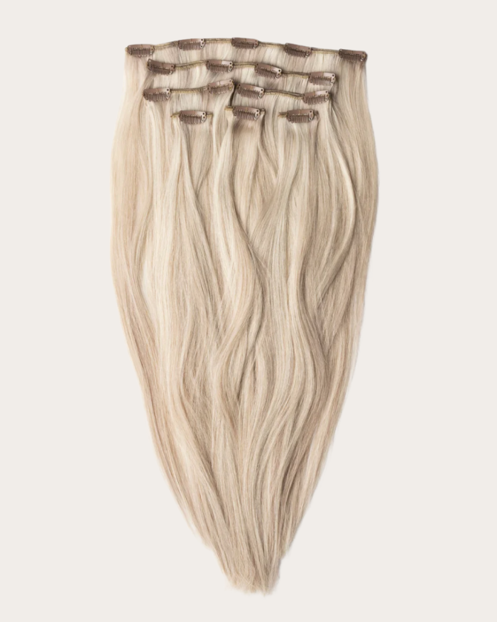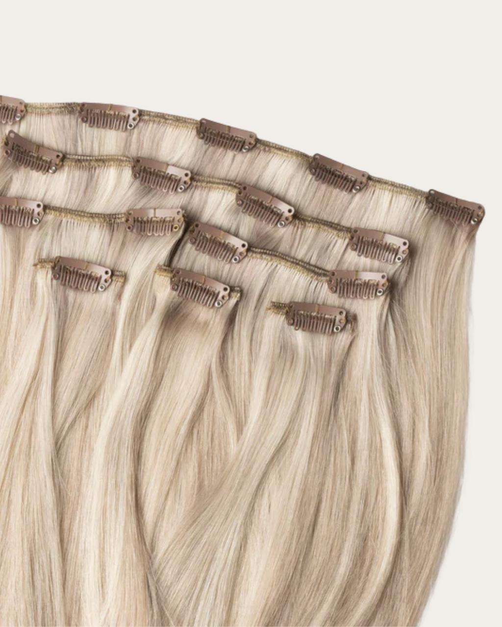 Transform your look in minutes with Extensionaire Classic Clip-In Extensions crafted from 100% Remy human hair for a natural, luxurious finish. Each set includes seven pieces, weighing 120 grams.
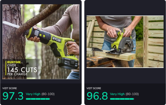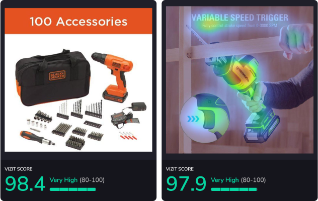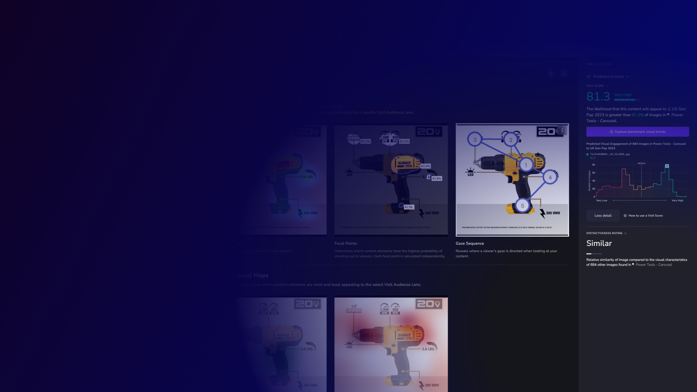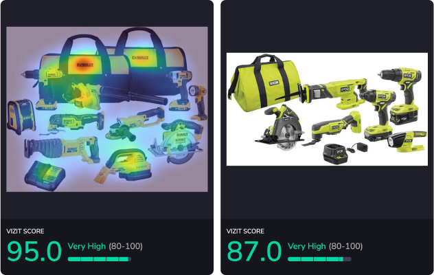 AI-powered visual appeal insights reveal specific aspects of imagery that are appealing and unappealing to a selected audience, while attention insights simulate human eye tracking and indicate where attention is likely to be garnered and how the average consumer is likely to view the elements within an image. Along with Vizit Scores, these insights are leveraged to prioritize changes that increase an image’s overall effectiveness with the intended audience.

-- -- --

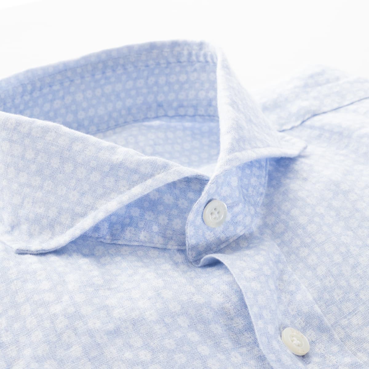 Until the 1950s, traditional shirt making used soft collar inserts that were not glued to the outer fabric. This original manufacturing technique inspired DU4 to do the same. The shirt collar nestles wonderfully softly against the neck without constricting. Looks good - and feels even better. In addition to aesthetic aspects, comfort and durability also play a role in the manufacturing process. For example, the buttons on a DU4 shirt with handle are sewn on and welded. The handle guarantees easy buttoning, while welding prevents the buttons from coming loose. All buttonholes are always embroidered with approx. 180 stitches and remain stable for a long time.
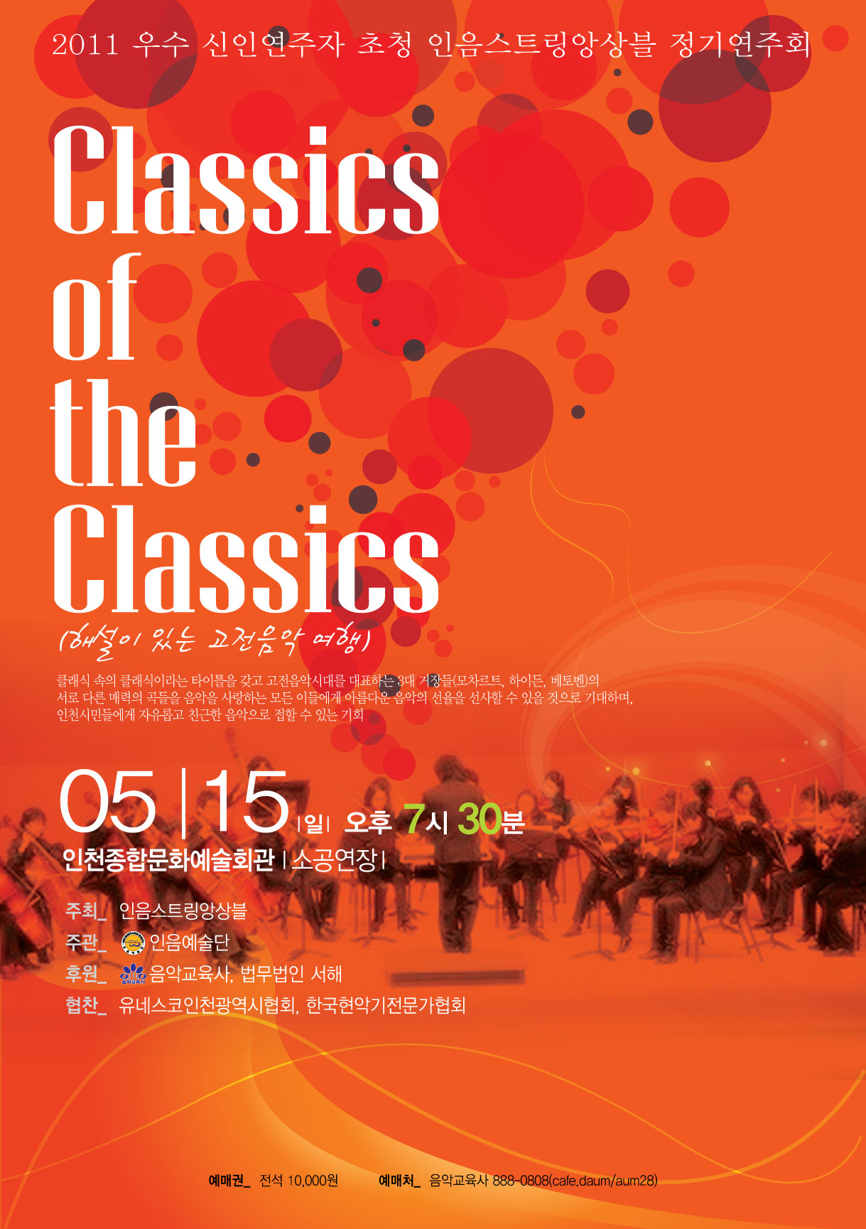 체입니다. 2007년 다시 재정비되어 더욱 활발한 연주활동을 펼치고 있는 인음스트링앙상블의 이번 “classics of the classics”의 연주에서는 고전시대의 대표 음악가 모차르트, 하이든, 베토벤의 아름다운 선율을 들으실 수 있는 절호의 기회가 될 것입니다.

-- -- --

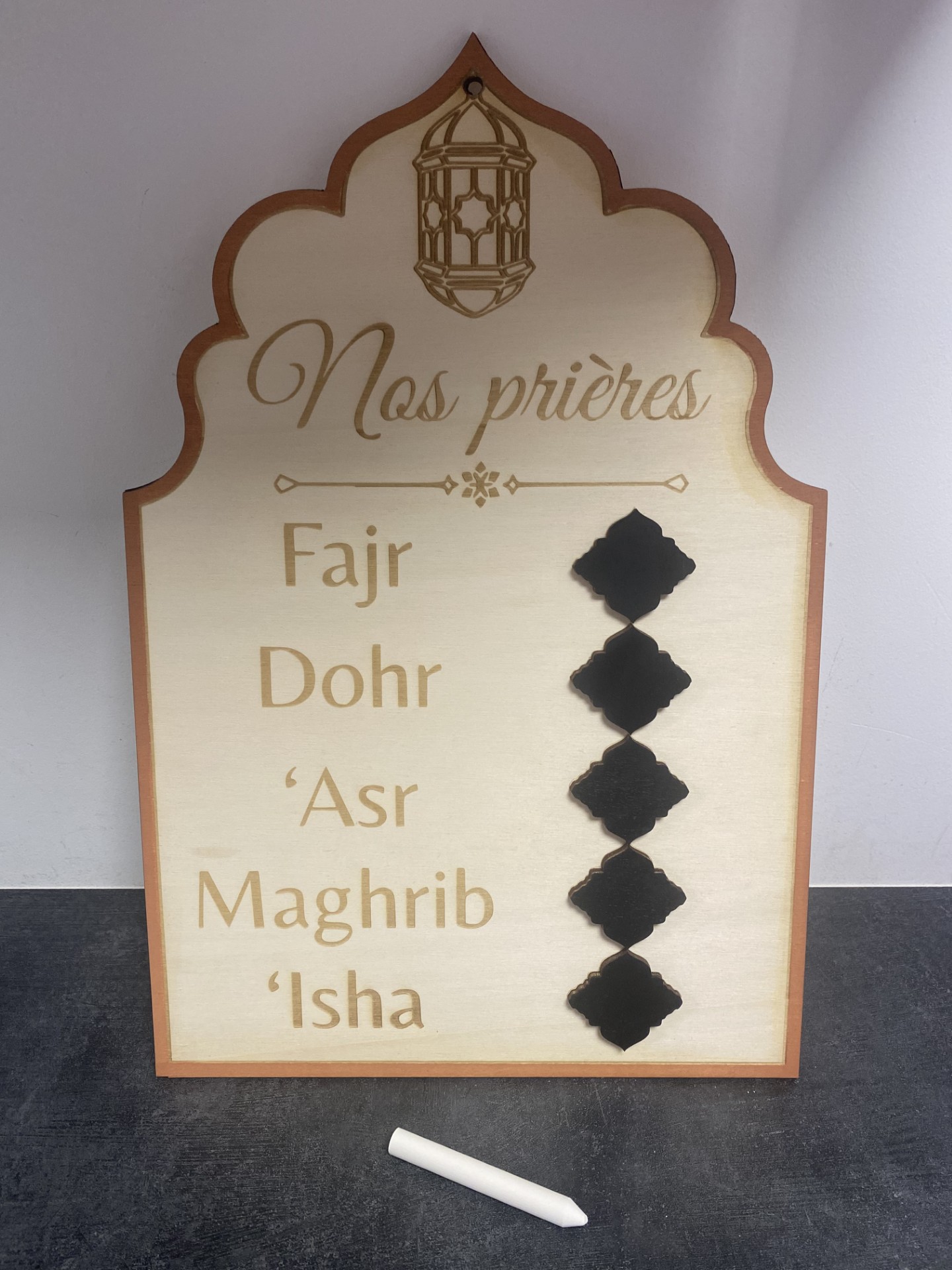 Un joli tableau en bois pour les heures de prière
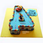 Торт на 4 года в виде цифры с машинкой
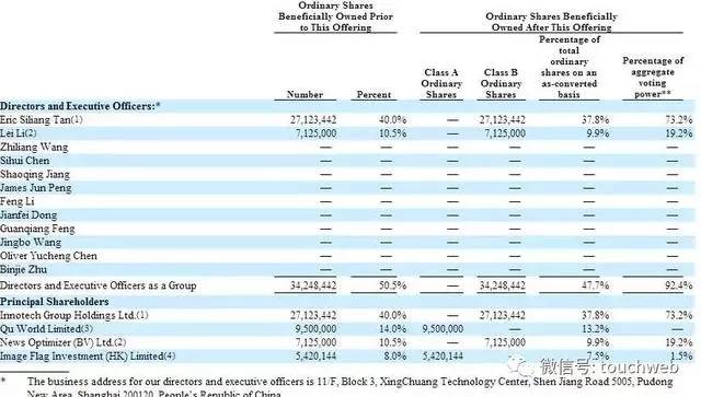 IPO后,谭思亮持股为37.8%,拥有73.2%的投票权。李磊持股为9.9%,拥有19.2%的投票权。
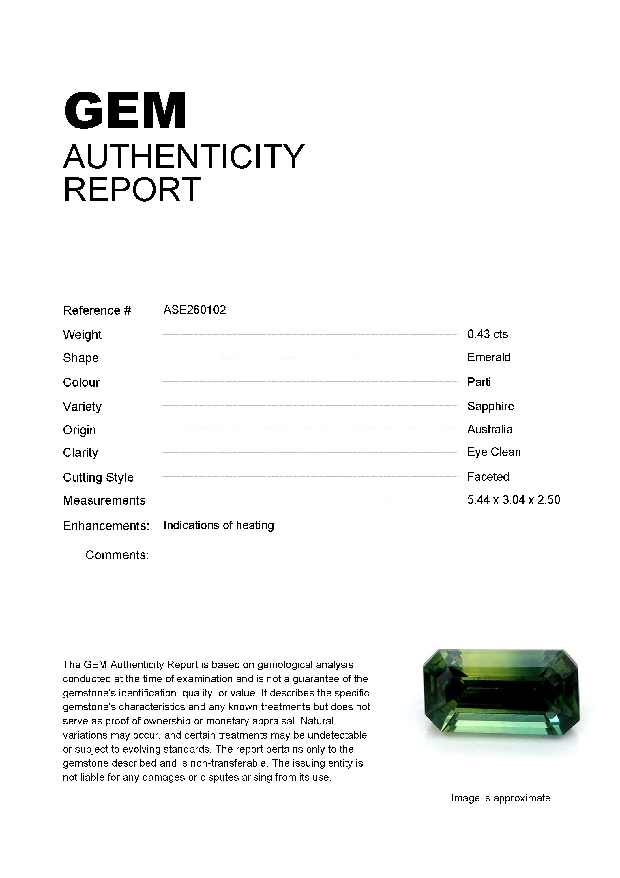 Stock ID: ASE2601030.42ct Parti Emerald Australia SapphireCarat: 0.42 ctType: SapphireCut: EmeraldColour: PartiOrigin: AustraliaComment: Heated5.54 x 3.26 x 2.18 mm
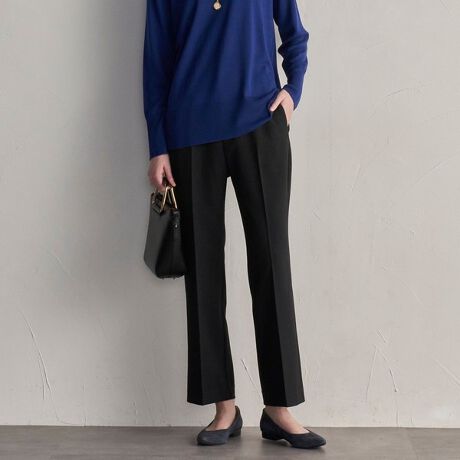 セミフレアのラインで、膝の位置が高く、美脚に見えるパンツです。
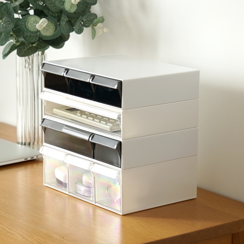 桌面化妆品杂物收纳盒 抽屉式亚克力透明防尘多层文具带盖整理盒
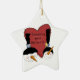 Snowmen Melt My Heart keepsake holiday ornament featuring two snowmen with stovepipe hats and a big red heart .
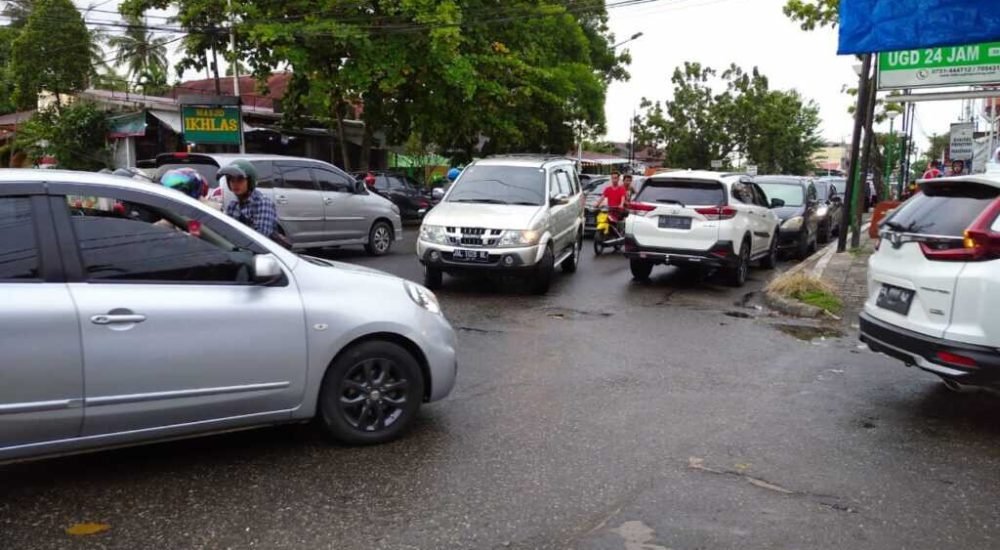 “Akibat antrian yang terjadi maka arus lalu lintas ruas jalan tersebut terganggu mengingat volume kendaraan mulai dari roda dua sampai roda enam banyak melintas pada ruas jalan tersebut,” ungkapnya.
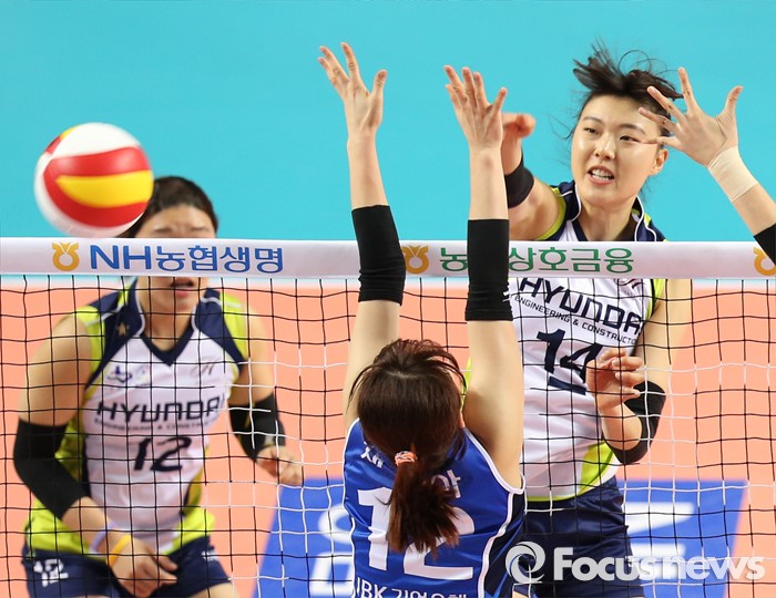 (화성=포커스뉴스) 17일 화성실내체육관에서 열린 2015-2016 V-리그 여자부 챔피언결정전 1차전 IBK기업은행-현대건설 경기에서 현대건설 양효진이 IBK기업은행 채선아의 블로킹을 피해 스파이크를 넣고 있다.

-- -- --

**Your instructions:**
Your answer should be the exact lines above from the one containing "Un joli tableau" through the one containing "(화성=포커스뉴스) 17일 화성실내체육관에서", with both end lines kept and the pictures removed, please.

**Your response:**
 Un joli tableau en bois pour les heures de prière
 Торт на 4 года в виде цифры с машинкой
 IPO后,谭思亮持股为37.8%,拥有73.2%的投票权。李磊持股为9.9%,拥有19.2%的投票权。
 Stock ID: ASE2601030.42ct Parti Emerald Australia SapphireCarat: 0.42 ctType: SapphireCut: EmeraldColour: PartiOrigin: AustraliaComment: Heated5.54 x 3.26 x 2.18 mm
 セミフレアのラインで、膝の位置が高く、美脚に見えるパンツです。
 桌面化妆品杂物收纳盒 抽屉式亚克力透明防尘多层文具带盖整理盒
 Snowmen Melt My Heart keepsake holiday ornament featuring two snowmen with stovepipe hats and a big red heart .
 “Akibat antrian yang terjadi maka arus lalu lintas ruas jalan tersebut terganggu mengingat volume kendaraan mulai dari roda dua sampai roda enam banyak melintas pada ruas jalan tersebut,” ungkapnya.
 (화성=포커스뉴스) 17일 화성실내체육관에서 열린 2015-2016 V-리그 여자부 챔피언결정전 1차전 IBK기업은행-현대건설 경기에서 현대건설 양효진이 IBK기업은행 채선아의 블로킹을 피해 스파이크를 넣고 있다.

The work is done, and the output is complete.